Don’t fear gentrification, those new blocks of flats can lead to lower rents

A crane rises above a multistorey block under construction.
Windows are fitted as the first phase of a housing block in Reading, Berkshire, nears completion in May 2023. Photograph: Geoffrey Swaine/Shutterstock

Housing is always centre stage in British politics, usually in the form of support for first-time buyers, like right to buy. But Keir Starmer is making housebuilding a key pre-election dividing line, attacking Rishi Sunak for scrapping the government’s 300,000 homes a year target for England and, more boldly, recognising that some development on green belt land will be required.

The Labour leader is up for a row that brings to life his promises to raise growth and home ownership, while highlighting Conservative divisions.
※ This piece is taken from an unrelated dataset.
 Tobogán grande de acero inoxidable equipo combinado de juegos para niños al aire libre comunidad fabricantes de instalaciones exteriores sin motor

Those divisions reflect housebuilding’s most discussed political faultline: Lib Dems scenting blood in Tory shire marginals whenever a single brick is laid.

Other issues are closer to home for Labour MPs, such as anti-gentrification protesters arguing that new city flats push up rents for local people.
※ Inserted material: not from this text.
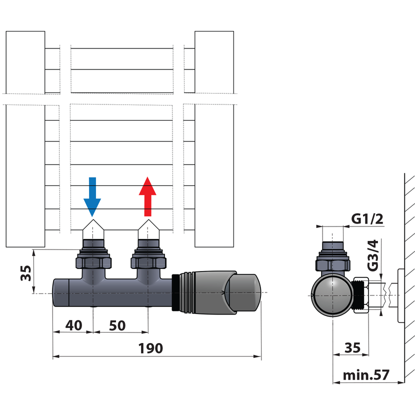 VýbavaTermostat, hlavice vlevo, Termostat, hlavice vpravo, Středové 50 mm

But new evidence supports the left’s turn towards Yimbyism (“yes, in my back yard”). US data shows that boosting housing supply by adding a block of flats reduces local rents by 6%.
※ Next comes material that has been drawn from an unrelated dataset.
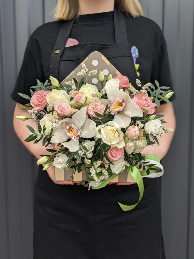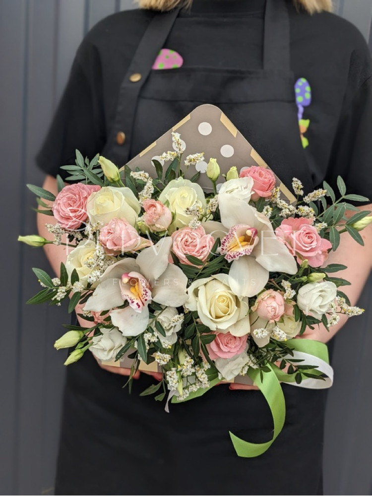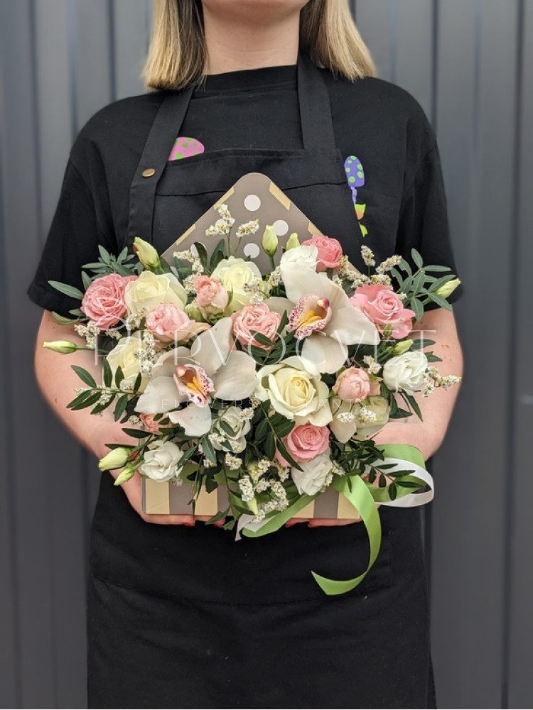 Нежная композиция в конверте с белыми орхидеями Цимбидиум, кустовой розой, эустомой, розами и лимониумом. Пышная и стойкая композиция для подарка!

Building flats is the response to gentrification, not its cause. The yuppies are coming anyway, and the researchers find that adding new flats to meet that demand and keep other rents lower actually increases the share of poorer new arrivals.

The arrival of higher-paid workers does cause housing cost challenges for existing residents – rents rise with average incomes. But once those workers do arrive, housebuilding is part of the answer, not the problem. The rest of the answer? More social housing and ensuring that housing benefit, rather than being frozen as currently, rises with rents.

In the 1950s, a Conservative PM, Winston Churchill, not only promised 300,000 homes a year, he built them. Britain – it’s time to build.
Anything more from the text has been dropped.